If choosing to configure the environment using a private subnet then one of the following needs to be set up:
- NAT gateway - Another elastic IP needs to be allocated to use for the NAT gateway. Using the AWS VPC NAT Gateway Service, the NAT gateway can be created utilizing the SYNTASA-EC2-SUBNET and the new elastic IP.
- NAT instance - Another elastic IP needs to be allocated, an EC2 instance (t2.medium recommended) to be created, and a security group to allow access to all local subnets needs to be created to use for the NAT instance. The instance should then be placed in the SYNTASA-EC2-SUBNET.
Once the above is complete the SYNTASA-EMR-RT route table needs to be adjusted to point to the NAT gateway or instance.
Compute and storage setup
The Syntasa application node is an EC2 instance that will reside in the public subnet SYNTASA-EC2-SUBNET with docker and a few other technologies installed on it. The following will outline the requirements for the AWS infrastructure:
- EC2 key pairs - A key pair needs to be created to be able to SSH to the EC2 and EMR instances. The suggested name for this is SYNTASA-SSH-KeyPair.
- EC2 instance - The Syntasa application node, SYNTASA-APPLICATION-NODE, will need a minimum of 8 cores and 52 GB of memory, i.e. r5a.2xlarge or r4.2xlarge. This instance will utilize the resources created in previous steps, e.g. VPC, subnet, IAM role, security group, etc.

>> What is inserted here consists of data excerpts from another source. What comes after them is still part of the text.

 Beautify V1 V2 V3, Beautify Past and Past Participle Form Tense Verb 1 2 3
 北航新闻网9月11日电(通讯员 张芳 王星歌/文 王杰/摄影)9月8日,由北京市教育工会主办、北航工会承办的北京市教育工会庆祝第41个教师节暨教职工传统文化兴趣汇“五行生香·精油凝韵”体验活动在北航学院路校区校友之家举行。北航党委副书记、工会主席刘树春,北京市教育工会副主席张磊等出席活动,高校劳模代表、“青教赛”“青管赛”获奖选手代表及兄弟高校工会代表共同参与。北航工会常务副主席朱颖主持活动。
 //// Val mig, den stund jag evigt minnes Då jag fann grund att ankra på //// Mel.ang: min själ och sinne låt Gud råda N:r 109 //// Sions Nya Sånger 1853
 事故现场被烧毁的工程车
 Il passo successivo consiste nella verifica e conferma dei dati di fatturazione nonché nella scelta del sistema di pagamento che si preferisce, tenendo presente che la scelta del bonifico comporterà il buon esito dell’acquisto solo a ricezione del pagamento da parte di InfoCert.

- S3 configuration bucket - An S3 bucket, syntasa-bucket, is needed before the application is installed for configuration and other files. The S3 bucket will utilize the policy created previously and contain the following folders: syn-cluster-config, syn-cluster-data, syn-cluster-logs.
Syntasa supports a wide variety of output database locations instead of Amazon Athena. If choosing to use Amazon Redshift instead of Athena there two options for configuring a cluster:
- A Redshift cluster in the same VPC as the Syntasa components. This option is presented in the previous diagram.

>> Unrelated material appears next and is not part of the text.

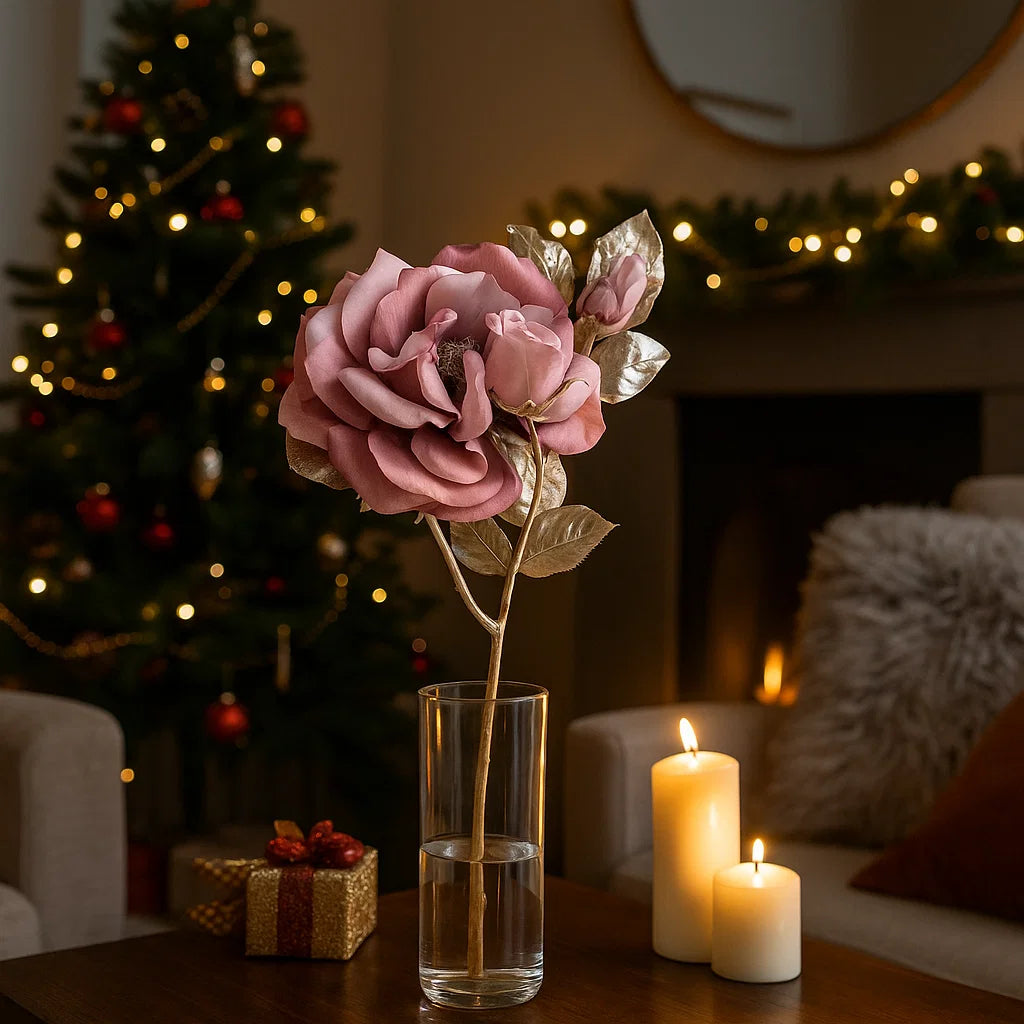Rosa Inglese Mauve con glitter in materiale sintetico decorazione floreale da 48 cm
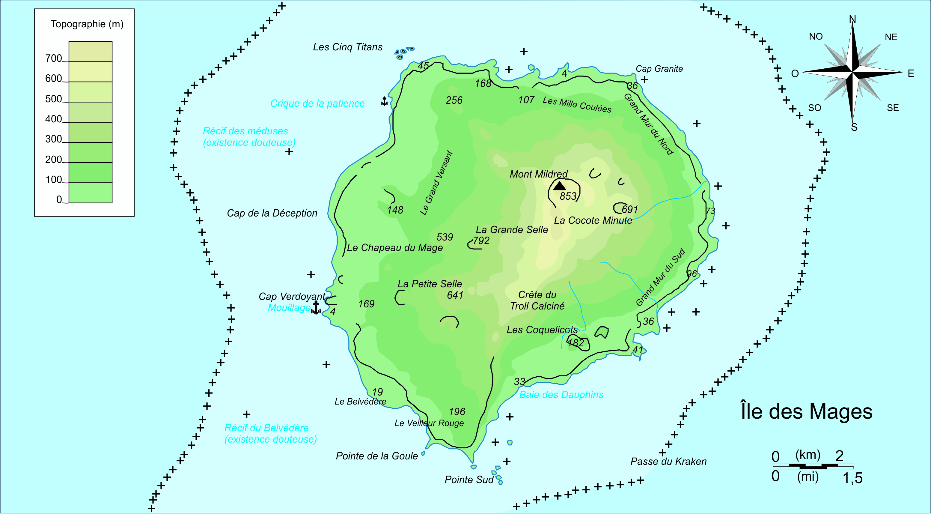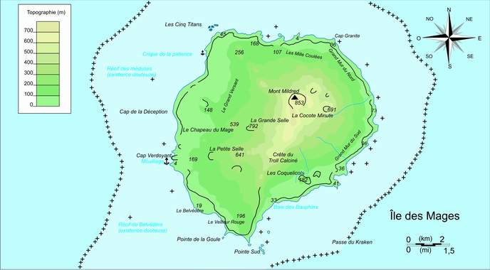 L'île est entourée d'une barriere de corail située à 2 à 3 kilomètres du rivage de l'ile, barrière qui ne peut être traversée qu'en un seul point, au sud-est de l'ile : la Passe du Kraken se trouve plein est des petits ilets au sud de l'île, et ne peut être traversée que par temps calme, à marée haute, par un navire de moins de 3 mètres de tirant d'eau. A l'extérieur de la barriere la profondeur supérieure à soixante-dix metres rend le mouillage difficîle ; derriere la barriere coralienne le fond rocailleux et sabloneux est d'une dizaine de mètres. Plusieurs fissures sous-marines dans la barrière coralienne, constituent un dédale complexe, qui permettraient à un kraken de passer d'un côté à l'autre de la barrière coralienne comme il le voudrait. Il pourrait demeurer dans une grotte aménagée dans le tombant ouest, qui communique avec la barrière de récifs. Si les krakens existaient, et s'il y en avait un dans les environs. Car à part de très vieux marins édentés qui ont perdu la raison, qui croit de telles légendes ?...

- A Redshift cluster in another, external VPC.
For either option, the Redshift cluster needs to be set up so that the SYNTASA-VPC and subnets SYNTASA-EMR-SUBNET and SYNTASA-EC2-SUBNET have access to the cluster via firewall rules. This is usually done by attaching a security group to the Redshift cluster.
The minimum and recommended sizing of the cluster are as follows:
- Instance type - Minimum: dc2.large. Recommended: dc2.8xlarge
- Instance count - Minimum: 1 node. Recommended: 3 nodes.

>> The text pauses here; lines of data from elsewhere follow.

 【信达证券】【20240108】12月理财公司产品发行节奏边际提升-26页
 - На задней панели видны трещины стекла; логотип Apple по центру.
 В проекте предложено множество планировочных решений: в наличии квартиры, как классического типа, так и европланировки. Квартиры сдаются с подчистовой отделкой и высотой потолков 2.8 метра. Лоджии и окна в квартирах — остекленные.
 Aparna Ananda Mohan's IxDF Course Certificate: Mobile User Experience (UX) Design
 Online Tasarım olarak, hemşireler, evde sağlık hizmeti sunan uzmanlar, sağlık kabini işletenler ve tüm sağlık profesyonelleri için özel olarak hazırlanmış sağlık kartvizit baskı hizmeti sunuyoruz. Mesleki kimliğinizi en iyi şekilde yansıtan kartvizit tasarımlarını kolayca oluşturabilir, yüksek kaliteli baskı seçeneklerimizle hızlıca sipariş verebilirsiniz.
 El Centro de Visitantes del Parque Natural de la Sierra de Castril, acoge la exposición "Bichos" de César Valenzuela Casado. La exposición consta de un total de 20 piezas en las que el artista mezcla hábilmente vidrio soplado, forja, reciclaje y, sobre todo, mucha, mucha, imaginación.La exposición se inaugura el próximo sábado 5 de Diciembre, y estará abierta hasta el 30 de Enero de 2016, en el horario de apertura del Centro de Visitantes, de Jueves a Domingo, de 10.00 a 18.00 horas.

- Cluster permissions - An IAM role that has permissions to read/write from the database that the Syntasa application will use to write output tables.
Lastly, the cluster requires the following parameters:
- Hostname - For example, SYNTASA-REDSHIFT. If the cluster is created within the Syntasa VPC the private IP is to be used; if an external VPC the public IP is to be used.
- Database - A database within the Redshift cluster is where the Syntasa application will create output tables. If one is not available then create a database called 'syntasa' or leave the default 'dev' database if there is nothing else running on the cluster.
- Username - A username that the Syntasa application will use to write to the cluster and has access to the above database.
- Password - Password for the above user.
- IAM Role - An IAM role to use for Redshift COPY commands. Please make sure this role has read/write access to the database created for the Syntasa output tables.
Installing the Syntasa software
After the foundation within your VPC has been established, the Syntasa software can now be installed on top of that foundation. Typically the installation of the software will be performed by the Syntasa services team.